Installing airspeed velocity

airspeed velocity is known to work on Linux and Mac OS-X. It’s highly unlikely that it works on Microsoft Windows. It is known to work with Python 2.6, 2.7, 3.2, 3.3 and 3.4.

airspeed velocity is a standard Python package, with its installation based on setuptools, and can be installed using:

python setup.py install

The requirements should be automatically installed. If they aren’t installed automatically, for example due to networking restrictions, the requirements are:

  • six, 1.4 or later

One of the following:

  • virtualenv, 1.10 or later (this is true even with Python 3.3, where virtualenv is included as venv, since venv is not compatible with other versions of Python).

    Note that virtualenv 1.11.0 will not work, as it contains a bug in setuptools that prevents its installation in a clean virtual environment.

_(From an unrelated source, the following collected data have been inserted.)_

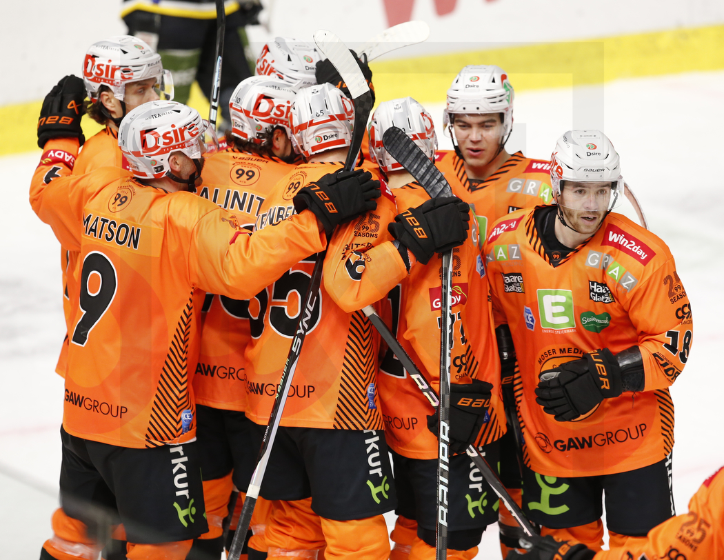 WK20231101_0655 1. November 2023 1050 × 812 PHOTO GALLERY ICEHL ROUND 17 GRAZ 99ERS – HC PUSTERTAL 3:2 OT GRAZ, AUSTRIA, 01.Nov. 2023 – Moser Medical Graz 99ers vs. HC Pustertal Wölfe. Image shows 99ers after their second season win. Photo: Werner Krainbucher
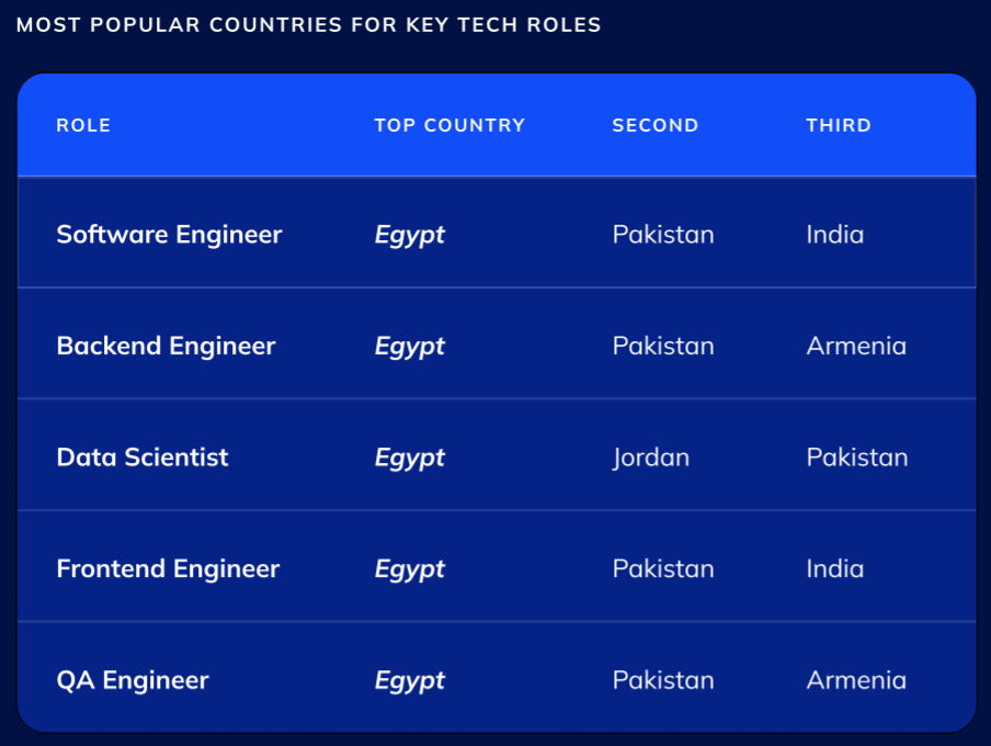 - Egypt ranks #1 for Software Engineers, Backend Engineers, Data Scientists, Frontend Engineers, and QA Engineers.
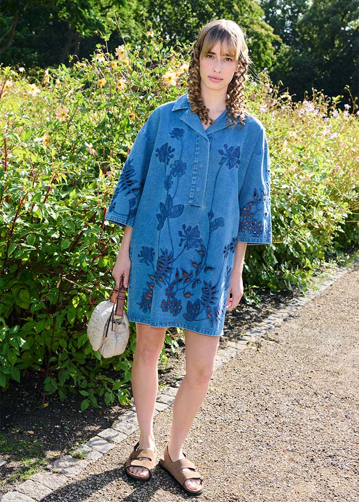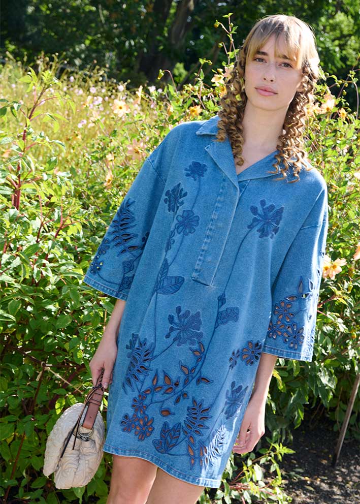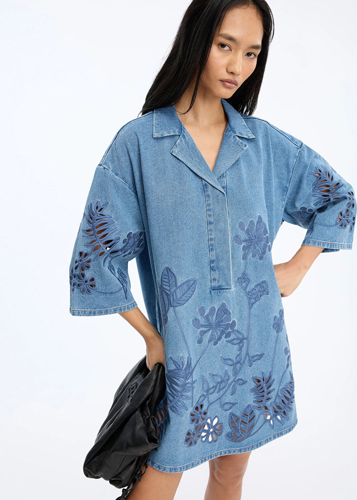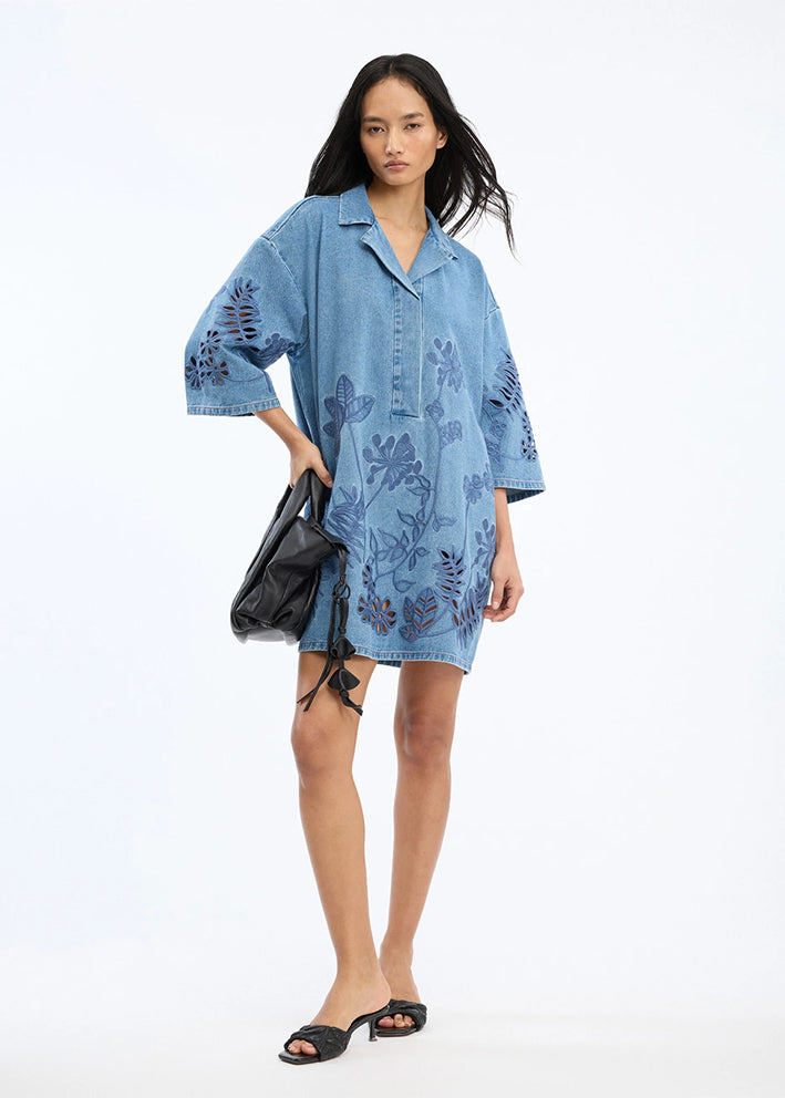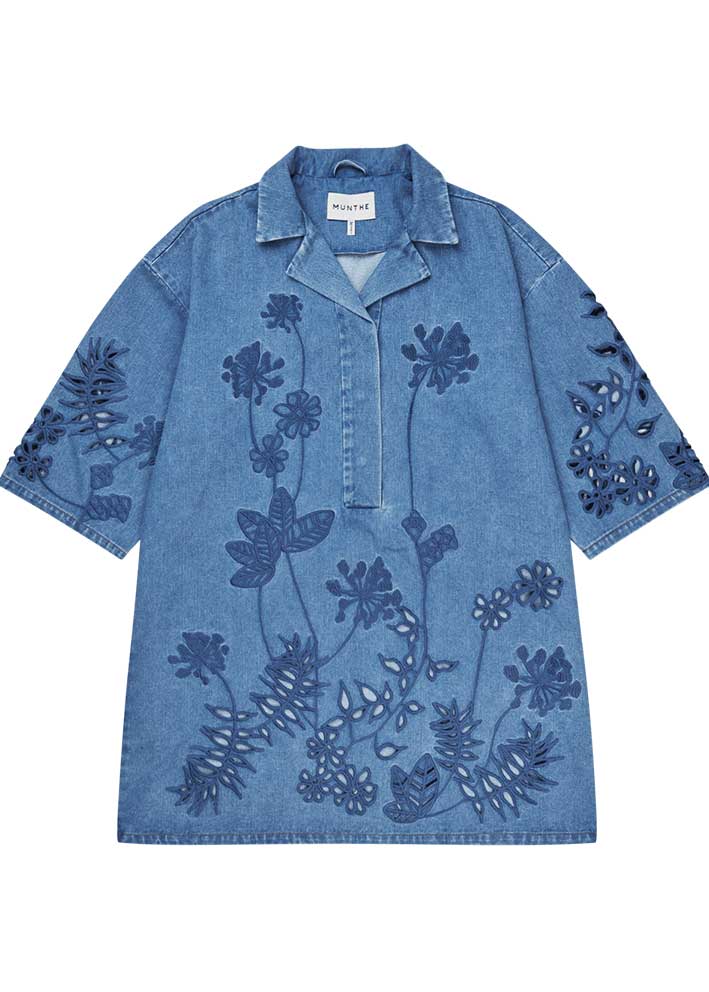 Umådelig smuk og helt unik Bellar denim skjortekjole fra Munthe, designet med tone-i-tone broderede blomsterdetaljer og hulmønster forneden. Modellen har en afslappet, lige pasform, V-udskæring med lille krave samt korte, rummelige ærmer.

  • An anaconda or miniconda installation, with the conda command available on your path.

Note

Anaconda or miniconda is preferred if the dependencies of your project involve a lot of compiled C/C++ extensions and are available in the conda repository, since conda will be able to fetch precompiled binaries for these dependencies in many cases. Using virtualenv, these dependencies will have to be compiled every time the environments are set up.

Optional optimization

If your project being benchmarked contains C, C++, Objective-C or Cython, consider installing ccache. ccache is a compiler cache that speeds up compilation time when the same objects are repeatedly compiled. In airspeed velocity, the project being benchmarked is recompiled at many different points in its history, often with only minor changes to the source code, so ccache can help speed up the total benchmarking time considerably.

Running the self-tests

The self tests are based on py.test. If you don’t have it installed, and you have a connection to the Internet, it will be installed automatically.